Em relação ao eritrograma, o grupo de indivíduos com esquistossomose apresentou o índice

hematimétrico CHCM (concentração de hemoglobina corpuscular média) abaixo dos

valores de referência quando comparados ao grupo controle (32,36 ± 1,22 vs. 31,06 ± 0,80

g/dL). Apesar dos resultados não caracterizarem um quadro anêmico nos pacientes com

esquistossomose, observa-se uma tendência de diminuição no aporte de grupamento heme,

o que também se reflete em menores concentrações séricas de bilirrubina total e indireta,

como mostrado anteriormente na Tabela 1. Isso poderia evidenciar um quadro adaptativo

ao curso da doença.

Em relação aos outros parâmetros do eritrograma, encontrados para os indivíduos

doentes, todos estão dentro dos padrões de normalidade.

Com relação ao leucograma, os resultados do presente estudo mostraram valores

médios elevados para leucócitos (5558,62 ± 1138,46 vs. 7985,71 ± 1809,79 mm3) e

eosinófilos (2,66 ± 2,21 vs. 9,94 ± 7,11 %) nos indivíduos com esquistossomose, em

relação ao grupo controle. Sobre os leucócitos, Atta et al. (1981), fazendo uma revisão

sobre a esquistossomose constatou em seus experimentos, que estas células tendem a

aumentar com a evolução da infecção. Além disso, pode-se sugerir uma relação desse

aumento com o estresse oxidativo, uma vez que as EROs são liberadas pelos neutrófilos e

eosinófilos na tentativa de destruir os ovos, in vitro (FELDMAN, DANNENBERG

JÚNIOR, SEED, 1990).

Vale ressaltar, que os valores elevados de eosinófilos encontrados nos hemogramas

realizados sugerem a presença de enteroparasitas nos indivíduos, visto que os mesmos

consomem ferro do organismo, componente interno da hemoglobina (KATSURAGAWA et

al., 2004). Além disso, os eosinófilos têm a capacidade de destruir os esquistossômulos

através do mecanismo de citotoxicidade celular dependente do anticorpo, se mostrando em

valores médios elevados (MACHADO et al., 2004).

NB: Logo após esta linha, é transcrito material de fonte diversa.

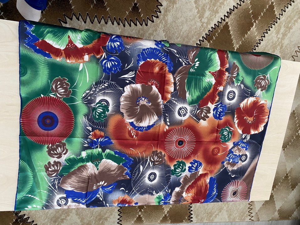 Kadınlar için pilili, koyu zemin üzerinde çok renkli çiçek desenli, sentetik kumaştan yapılmış şal.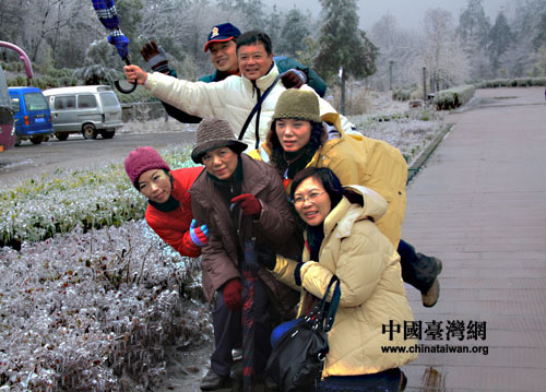 中國(guó)臺(tái)灣網(wǎng)2月28日消息 昨天,來(lái)湖南參訪的近40位臺(tái)南市地方民意代表、里長(zhǎng)走進(jìn)清溪潺潺、奇峰聳立的張家界旅游風(fēng)景區(qū),游覽黃龍洞和武陵源風(fēng)景區(qū),26日晚上,正值雨季的張家界適逢一場(chǎng)較大的雨雪,昨天武陵源內(nèi)海拔稍高的地方出現(xiàn)了銀裝素裹的霧凇奇觀,引起來(lái)自寶島的客人驚嘆。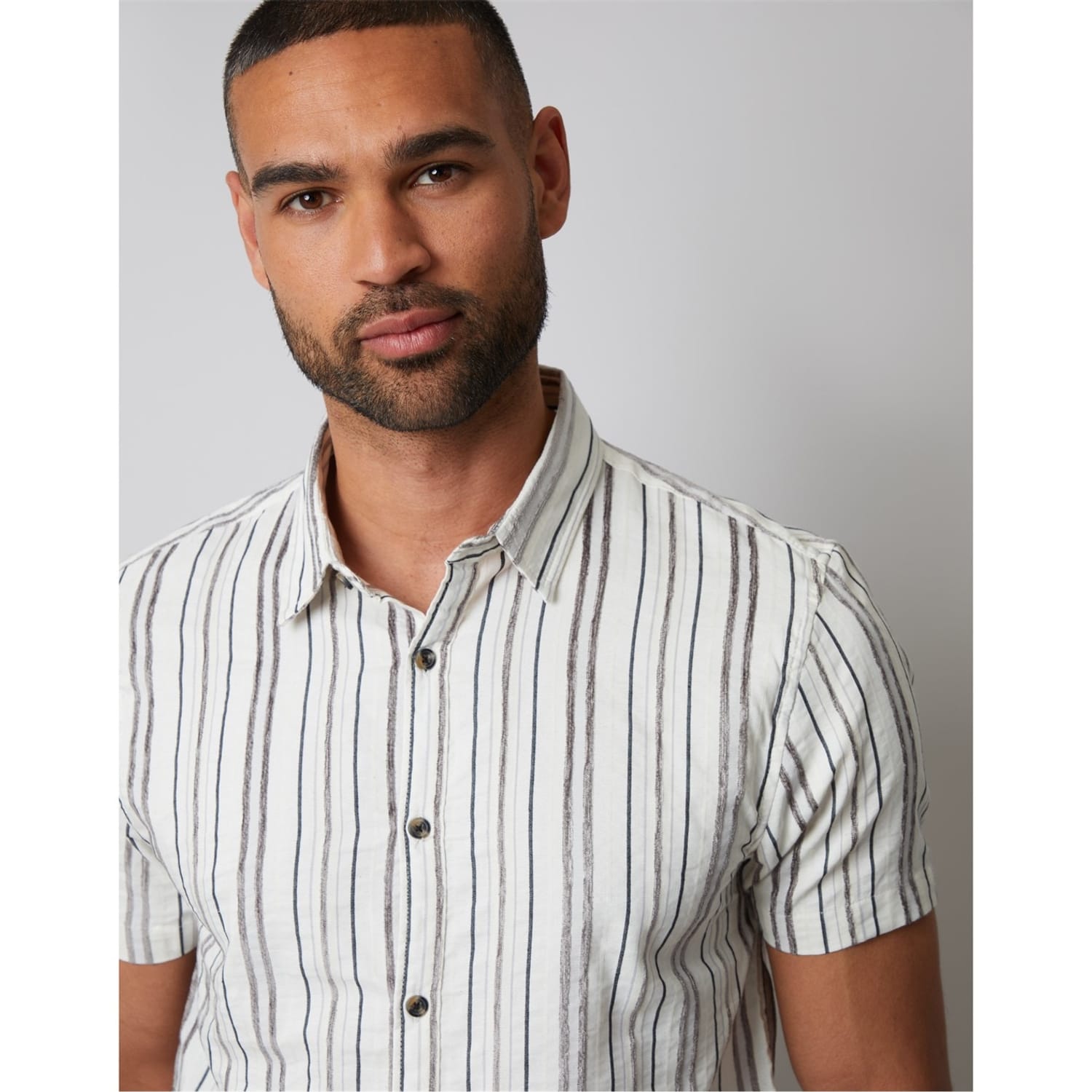 Discover the Threadbare top, a casual staple featuring a stripe pattern and a shirt collar. This short-sleeve piece offers a regular fit, enhanced by a button closure and a subtle logo embellishment. Perfect for a relaxed yet stylish look. -

Um outro fator importante sobre estas

células é que as mesmas estão presentes em situação de estresse oxidativo, pois produzem

grandes quantidades de EROs quando ativados, participando também da destruição de

ovos, sendo este último fato relatado no trabalho de Atta e col. (ATTA et al., 1981,

PEREIRA, 1996).

Observou-se também, um aumento no número das plaquetas (230034,48 ± 50664,50

vs. 267588,24 ± 40857,56 mil/ mm3) dos indivíduos doentes, em relação ao grupo controle.

Isso pode ter ocorrido devido a uma inflamação por formação de granuloma, pois os

mesmos atraem para a região necrosada, plaquetas, juntamente com leucócitos e

macrófagos, sendo esse fato demonstrado em qualquer fase da doença em que o indivíduo

se encontre, independente do grau de lesão hepática (SOARES et al., 2007).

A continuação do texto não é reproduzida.